当前位置：网站首页>Cvpr2021 | multi view stereo matching based on self supervised learning (cvpr2021)

Cvpr2021 | multi view stereo matching based on self supervised learning (cvpr2021)

2022-07-29 07:13:00 【51CTO】

Self-supervised Learning of Depth Inference for Multi-view Stereo (CVPR2021)

Code address ：Github: https://github.com/JiayuYANG/Self-supervised-CVP-MVSNet

Self-sup CVP-MVSNet brief introduction

Although in recent years, multi view stereo matching based on deep learning （Multi-view Stereo, MVS） Remarkable progress has been made , But these methods usually rely on a large amount of labeled data , However, the truth label data acquisition of multi view depth estimation is more challenging . Therefore, this paper proposes a self supervised learning framework for multi view stereo matching , This framework adopts a two-stage training strategy . In particular , The first stage is unsupervised learning of network model based on image reconstruction loss , The second stage is self supervised learning based on pseudo tags , The generated pseudo tags are fused by multi view depth estimation . Experimental results show that ,Self-sup.

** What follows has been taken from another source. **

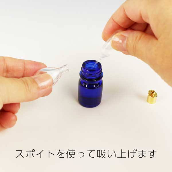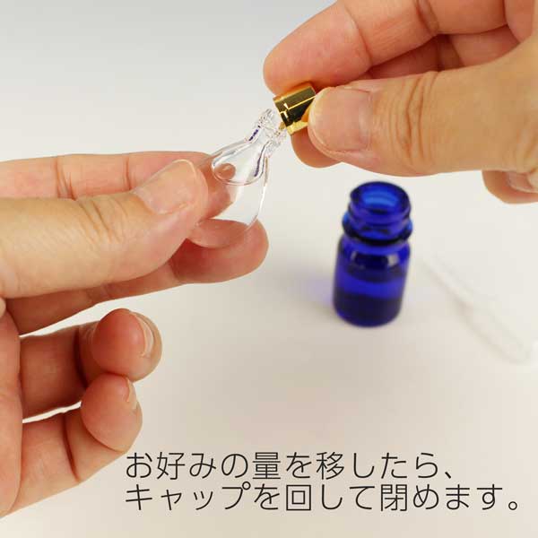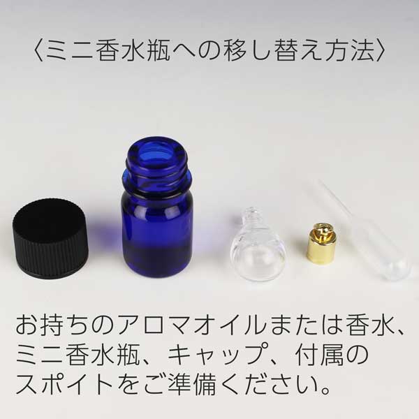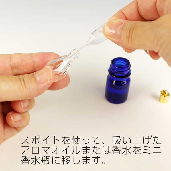 ミニ香水瓶にはお気に入りの香りを入れてください。休憩中や移動の合間にサッとお気に入りの香りをかげば、ちょっと疲れていても、イライラや不安があっても、心が落ち着きいつもの自分に戻れます。お守りとして持っているのもいいですね。専用のスポイトがついていますのですぐにお使いいただけます。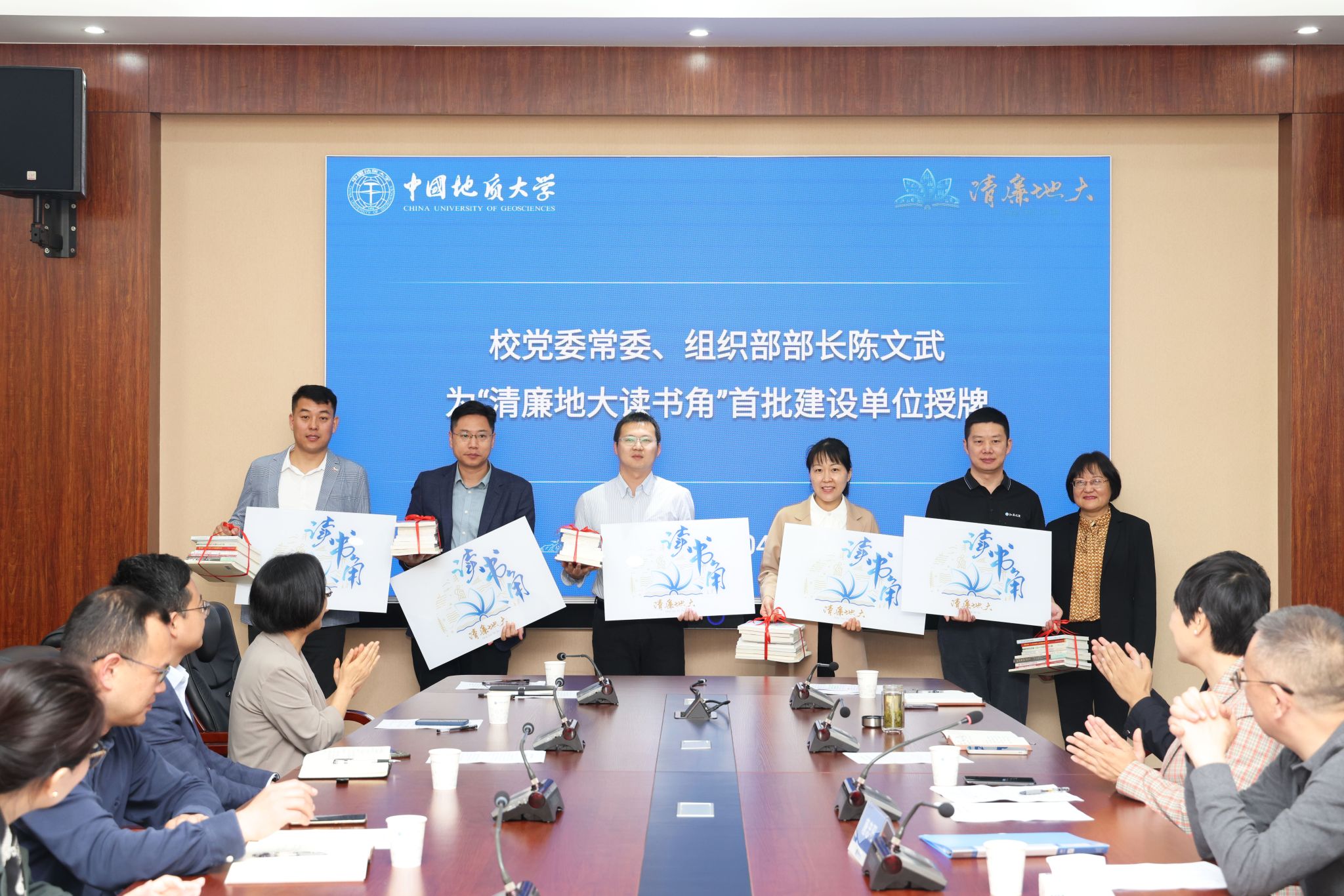 陈文武为清廉地大读书角首批建设单位授牌、赠书。

CVP-MVSNet The reconstruction performance of unsupervised learning method is the best , The reconstruction effect is equivalent to that of the supervised method .

Preliminary knowledge 1: CVP-MVSNet Network review

Cost Volume Pyramid Based Depth Inference for Multi-view Stereo (CVPR2020)

CVPR2021| Multi view stereo matching based on self supervised learning (CVPR2021)_ Multiview

chart 1 CVP-MVSNet Network architecture

CVP-MVSNet Based on coarse-to-fine Multi view depth estimation network architecture , First, the reference image and the source image are down sampled to obtain the image pyramid , Then the feature extraction network with shared weights is used to extract features for all scales of images , The extracted features are transformed into cost volume by homography . The low resolution depth map is regressed through the cost volume of the lowest resolution , Then in the subsequent stage, the residual of the depth map is predicted by the cost volume .CVP-MVSNet For cost volume regularization in 3D ConvNet It is characteristic between different scales , And support the use of low resolution image training , High resolution image test .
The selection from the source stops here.